En cambio, ahora, la óptica es diferente. Procuro, y me esfuerzo muchísimo, por no sonar condescendiente. Me aterra que me tomen en serio por sonar serio. Trato de eludir el condicional y, más aún, el imperativo. Me gusta utilizar el presente de indicativo. También el de subjuntivo porque me hace sentir menos terco.

Me harté de tantas soflamas abyectas, pronunciadas para perpetuar actitudes que solo han sido madera deglutida por la carcoma. Quiero reivindicar la duda y la inseguridad como únicos guías titulados para conducirnos por caminos que aún no hemos recorrido. Me alejo de los discursos triunfalistas que pude absorber, incluso duplicar de un modo inconsciente, y me vuelvo remiso a todo lo que suene dado.

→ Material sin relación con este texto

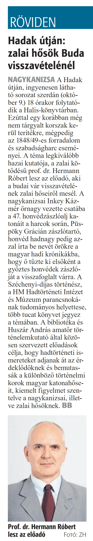 Nyilvános 617 | 780 | Zalai Hírlap 2024. október 7. 234. szám 2. oldal | RÖVIDEN Hadak útján: zalai hősök Buda visszavételénél NAGYKANIZSA A Hadak útján, ingyenesen látható sorozat szerdán (október 9.) 18 órakor folytatódik a Halis-könyvtárban. Ezúttal egy korábban még nem tárgyalt korszak kerül terítékre, mégpedig az 1848/49-es forradalom és szabadságharc eseményei. A téma legkiválóbb hazai kutatója, a zalai kötődésű prof. dr. Hermann Róbert lesz az előadó, aki a budai vár visszavételének zalai hőseiről mesél. A nagykanizsai Inkey Kázmér őrnagy vezette csatába a 47. honvédzászlóalj katonáit a harcok során, Püspöky Grácián zászlótartó, honvéd hadnagy pedig azzal írta be nevét örökre a magyar hadi krónikákba, hogy ő tűzte ki elsőként a győztes honvédek zászlóját a visszafoglalt várra. A Széchenyi-díjas történész, a HM Hadtörténeti Intézet és Múzeum parancsnokának tudományos helyettese, több tucat könyvet jegyez a témában. A bibliotéka és Huszár András amatőr történelemkutató által közösen szervezett előadások célja, hogy hadtörténeti ismereteket adjanak át az érdeklődőknek és bemutassák a különböző történelmi korok magyar katonahőseit, kiemelt figyelmet szentelve a nagykanizsai, illetve zalai hősöknek. BB Prof. dr. Hermann Róbert lesz az előadó Fotó: ZH |

Deseo que cada cual recorra su camino sin cargar con pesadas mochilas repletas de recetas resultonas y sonrisas fingidas. Brindo por los traductores que se quedaron en el camino y decidieron que esto no era lo suyo. Celebro su fracaso, que es el de todos, no solo el suyo. Aplaudo la inteligencia de los que se plantean qué hacer con su vida pese a irles bien en lo suyo.

Los recuerdo porque nunca se ha hablado de ellos, porque se lo merecen. Porque son las caras de una misma moneda. Porque, más que nunca, traducir es un simple modo de ganarse la vida, con sus penurias y sus celebradas satisfacciones. Como tantas otras profesiones. Porque somos un grupo diverso, inabarcable, atomizado y poliédrico. Porque todos queremos prosperar. Porque las frases vacías solo sirven para vaciar las mentes.

Fue la incertidumbre la que, sudorosa y tímida, me llevó de la mano hacia sectores más creativos de la traducción. Quién le iba a decir a un traductor jurídico que también podía trabajar en el ámbito de la transcreación.

El manual didáctico de cómo quebrar en mil pedazos el axioma de la hiperespecialización. Mi creatividad durmiente y mi inseguridad velada empujaron sigilosamente la puerta hacia la versatilidad. Ambas cualidades, supuestamente antagónicas, apretaron con fuerza los correajes, asfixiaron al miedo y obligaron a echar a andar al animal.

A partir de ahora, me quedo con los grises, me desprendo de los blancos y negros, y me guardo unas pocas prendas de colores estridentes para que los cazadores no me acribillen a tiros en la montaña. Para que se me vea venir. Para demostrar que el gris también brilla.